今週の一冊「幻想郵便局」
2013年09月30日 日記
今週の一冊は堀川アサ子さんの「幻想郵便局」です。
友人たちが就職を決めた中、阿部梓は短大を卒業後も就職が全く決まらずに就職浪人をしていた。
周りと比べ、就職活動が遅れていたのである。
そんな時、アルバイトの求人を紹介された。梓の特技「探し物」を見込まれてのことだった。そのバイト先とは登天郵便局。
それは、あの世とこの世をつなぎ、死者と聖者の間にメッセージを送り届ける特殊な郵便局だった。
梓の任務は、郵便局の土地の権利書を探すこと。
この郵便局は亡くなってしまった大切な人へ想いが届けられたり、幸せそうに旅立っていく。
作者の堀川さんのそうであって欲しいっていう優しい気持ちが込められている。
急に話しの展開が変わったり、ホラーという内容でもあるがなぜだか、ほんわり温かい内容になっています。
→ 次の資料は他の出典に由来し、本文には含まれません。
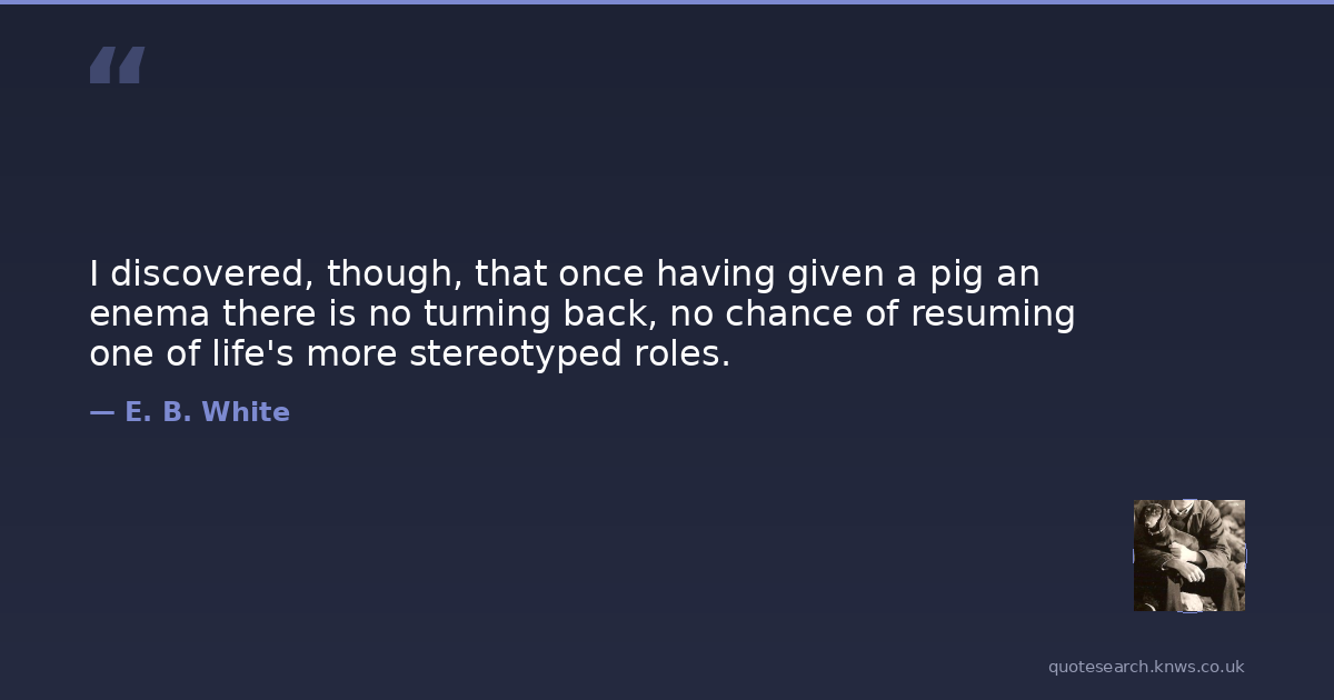 I discovered, though, that once having given a pig an enema there is no turning back, no chance of resuming one of life's more stereotyped roles.

権利書を見つけて神社から郵便局を守れるのか?真理子さんを殺したのは誰なのか?
ゆっくり謎を探しつつも、生者と死者が巡る郵便局を中心に様々な探し物を探し出す梓の人柄がだんだん変わっていく姿は読んでいて面白い本でした。
亡くなる寸前の人たちに接する人たちの気持ちや、死者の心の声がこんな風に聞こえているのだなと思いました。
生と死を考えさせられた一冊でした。